- EXTRACTED ENTRIES
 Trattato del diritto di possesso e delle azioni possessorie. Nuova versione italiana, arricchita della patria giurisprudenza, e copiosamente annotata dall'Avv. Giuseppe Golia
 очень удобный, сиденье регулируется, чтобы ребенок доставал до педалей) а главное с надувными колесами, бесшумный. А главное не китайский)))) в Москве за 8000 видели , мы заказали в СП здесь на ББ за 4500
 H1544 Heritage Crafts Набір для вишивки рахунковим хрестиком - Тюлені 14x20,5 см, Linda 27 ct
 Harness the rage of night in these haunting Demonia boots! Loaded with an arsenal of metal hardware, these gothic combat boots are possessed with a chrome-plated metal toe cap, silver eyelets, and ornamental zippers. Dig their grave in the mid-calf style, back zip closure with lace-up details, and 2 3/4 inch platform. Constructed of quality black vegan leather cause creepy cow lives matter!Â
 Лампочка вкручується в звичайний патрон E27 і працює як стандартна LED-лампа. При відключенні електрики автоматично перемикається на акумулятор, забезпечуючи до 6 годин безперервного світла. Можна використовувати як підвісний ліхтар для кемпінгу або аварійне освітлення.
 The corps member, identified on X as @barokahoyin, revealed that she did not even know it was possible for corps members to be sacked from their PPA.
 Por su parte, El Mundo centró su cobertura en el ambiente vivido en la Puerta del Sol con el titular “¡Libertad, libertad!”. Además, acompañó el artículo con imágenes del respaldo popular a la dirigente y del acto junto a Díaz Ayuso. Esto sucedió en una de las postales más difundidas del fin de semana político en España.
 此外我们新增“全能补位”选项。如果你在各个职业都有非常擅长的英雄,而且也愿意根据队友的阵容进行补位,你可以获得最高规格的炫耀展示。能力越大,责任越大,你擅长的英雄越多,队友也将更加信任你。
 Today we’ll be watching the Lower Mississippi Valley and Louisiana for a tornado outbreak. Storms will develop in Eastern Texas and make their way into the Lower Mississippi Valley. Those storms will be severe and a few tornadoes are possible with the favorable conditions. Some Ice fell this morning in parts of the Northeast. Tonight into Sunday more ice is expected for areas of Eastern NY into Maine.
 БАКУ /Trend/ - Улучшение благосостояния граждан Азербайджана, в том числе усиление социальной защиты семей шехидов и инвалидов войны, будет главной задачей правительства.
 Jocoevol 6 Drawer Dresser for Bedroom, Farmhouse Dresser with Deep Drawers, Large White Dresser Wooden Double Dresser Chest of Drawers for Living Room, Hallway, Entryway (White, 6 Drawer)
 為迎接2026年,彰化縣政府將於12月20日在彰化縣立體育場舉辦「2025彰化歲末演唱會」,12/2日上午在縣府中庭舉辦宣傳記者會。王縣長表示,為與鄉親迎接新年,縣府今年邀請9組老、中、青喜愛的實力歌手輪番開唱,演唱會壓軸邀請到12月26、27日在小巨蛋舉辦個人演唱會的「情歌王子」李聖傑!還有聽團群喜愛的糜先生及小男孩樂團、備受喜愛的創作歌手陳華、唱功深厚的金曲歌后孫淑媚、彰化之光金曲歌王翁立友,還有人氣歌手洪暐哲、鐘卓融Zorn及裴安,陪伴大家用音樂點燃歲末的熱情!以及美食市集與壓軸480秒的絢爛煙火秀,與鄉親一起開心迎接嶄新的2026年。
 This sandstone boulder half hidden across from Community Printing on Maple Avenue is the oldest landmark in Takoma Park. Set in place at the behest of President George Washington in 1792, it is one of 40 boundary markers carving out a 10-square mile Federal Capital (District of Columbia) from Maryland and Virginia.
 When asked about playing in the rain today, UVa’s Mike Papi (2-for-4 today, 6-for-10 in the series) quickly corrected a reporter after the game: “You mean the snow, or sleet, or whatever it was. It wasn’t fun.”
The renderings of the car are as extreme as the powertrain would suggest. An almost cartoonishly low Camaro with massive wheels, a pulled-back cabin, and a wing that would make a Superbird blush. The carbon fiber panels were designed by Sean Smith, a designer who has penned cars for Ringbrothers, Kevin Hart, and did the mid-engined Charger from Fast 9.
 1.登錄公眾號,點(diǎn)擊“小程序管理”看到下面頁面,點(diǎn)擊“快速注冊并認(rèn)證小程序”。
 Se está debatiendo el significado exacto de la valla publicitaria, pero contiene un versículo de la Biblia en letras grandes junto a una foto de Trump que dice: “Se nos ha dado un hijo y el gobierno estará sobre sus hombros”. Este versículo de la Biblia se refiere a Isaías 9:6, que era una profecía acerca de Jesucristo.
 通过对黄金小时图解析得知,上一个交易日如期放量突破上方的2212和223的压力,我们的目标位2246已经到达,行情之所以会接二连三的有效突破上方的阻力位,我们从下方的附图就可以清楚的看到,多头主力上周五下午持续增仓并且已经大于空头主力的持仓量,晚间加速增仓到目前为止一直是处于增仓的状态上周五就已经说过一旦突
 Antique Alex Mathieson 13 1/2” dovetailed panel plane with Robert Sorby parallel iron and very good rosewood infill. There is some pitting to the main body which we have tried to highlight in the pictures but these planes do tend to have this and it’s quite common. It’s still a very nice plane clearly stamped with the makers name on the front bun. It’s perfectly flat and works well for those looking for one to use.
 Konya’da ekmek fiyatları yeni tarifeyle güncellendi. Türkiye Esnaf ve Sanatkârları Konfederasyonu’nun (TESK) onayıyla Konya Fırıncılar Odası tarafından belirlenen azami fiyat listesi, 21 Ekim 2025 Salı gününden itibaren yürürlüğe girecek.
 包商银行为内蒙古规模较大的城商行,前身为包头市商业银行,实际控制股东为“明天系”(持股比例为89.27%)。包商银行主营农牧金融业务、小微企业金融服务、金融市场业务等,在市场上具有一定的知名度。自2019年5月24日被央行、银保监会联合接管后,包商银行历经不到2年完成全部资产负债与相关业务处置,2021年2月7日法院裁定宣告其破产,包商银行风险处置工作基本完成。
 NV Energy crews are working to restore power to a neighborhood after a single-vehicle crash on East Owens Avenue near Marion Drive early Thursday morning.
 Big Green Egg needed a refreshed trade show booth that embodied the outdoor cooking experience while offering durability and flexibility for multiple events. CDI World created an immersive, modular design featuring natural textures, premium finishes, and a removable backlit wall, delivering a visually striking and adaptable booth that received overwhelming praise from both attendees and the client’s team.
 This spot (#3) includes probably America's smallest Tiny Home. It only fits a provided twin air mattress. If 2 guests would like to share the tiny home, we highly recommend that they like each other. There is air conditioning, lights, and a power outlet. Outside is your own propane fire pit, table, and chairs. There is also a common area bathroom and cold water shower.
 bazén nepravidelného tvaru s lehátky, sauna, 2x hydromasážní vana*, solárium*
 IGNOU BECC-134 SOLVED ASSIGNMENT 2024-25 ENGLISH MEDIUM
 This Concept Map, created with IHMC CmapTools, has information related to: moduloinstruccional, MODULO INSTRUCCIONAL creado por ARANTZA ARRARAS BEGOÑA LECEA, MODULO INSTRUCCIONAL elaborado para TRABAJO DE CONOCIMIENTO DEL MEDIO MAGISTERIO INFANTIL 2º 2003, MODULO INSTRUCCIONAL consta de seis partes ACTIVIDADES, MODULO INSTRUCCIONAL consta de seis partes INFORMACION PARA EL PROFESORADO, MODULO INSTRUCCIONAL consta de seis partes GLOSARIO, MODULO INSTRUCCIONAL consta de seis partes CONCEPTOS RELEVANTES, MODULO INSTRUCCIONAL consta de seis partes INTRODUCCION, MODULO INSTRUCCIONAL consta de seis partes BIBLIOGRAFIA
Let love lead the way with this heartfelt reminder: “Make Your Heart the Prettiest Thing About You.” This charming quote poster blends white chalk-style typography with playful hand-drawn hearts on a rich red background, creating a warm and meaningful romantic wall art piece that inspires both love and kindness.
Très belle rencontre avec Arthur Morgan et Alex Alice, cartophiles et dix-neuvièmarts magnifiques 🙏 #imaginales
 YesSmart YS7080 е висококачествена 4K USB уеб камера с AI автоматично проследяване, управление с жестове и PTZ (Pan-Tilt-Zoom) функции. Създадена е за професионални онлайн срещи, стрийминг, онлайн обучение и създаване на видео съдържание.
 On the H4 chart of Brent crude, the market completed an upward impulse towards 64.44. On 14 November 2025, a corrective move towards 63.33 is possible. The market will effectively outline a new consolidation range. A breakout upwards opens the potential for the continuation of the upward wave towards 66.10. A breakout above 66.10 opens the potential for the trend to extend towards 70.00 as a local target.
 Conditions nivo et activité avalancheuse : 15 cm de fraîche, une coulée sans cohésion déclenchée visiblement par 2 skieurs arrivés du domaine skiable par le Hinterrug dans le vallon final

- TASK DESCRIPTION
Having found the line with "YesSmart YS7080 е", please set it down along with every line after it through the end of the material above, exactly and with nothing added.

- RESPONSE TO THIS TASK
 YesSmart YS7080 е висококачествена 4K USB уеб камера с AI автоматично проследяване, управление с жестове и PTZ (Pan-Tilt-Zoom) функции. Създадена е за професионални онлайн срещи, стрийминг, онлайн обучение и създаване на видео съдържание.
 On the H4 chart of Brent crude, the market completed an upward impulse towards 64.44. On 14 November 2025, a corrective move towards 63.33 is possible. The market will effectively outline a new consolidation range. A breakout upwards opens the potential for the continuation of the upward wave towards 66.10. A breakout above 66.10 opens the potential for the trend to extend towards 70.00 as a local target.
 Conditions nivo et activité avalancheuse : 15 cm de fraîche, une coulée sans cohésion déclenchée visiblement par 2 skieurs arrivés du domaine skiable par le Hinterrug dans le vallon final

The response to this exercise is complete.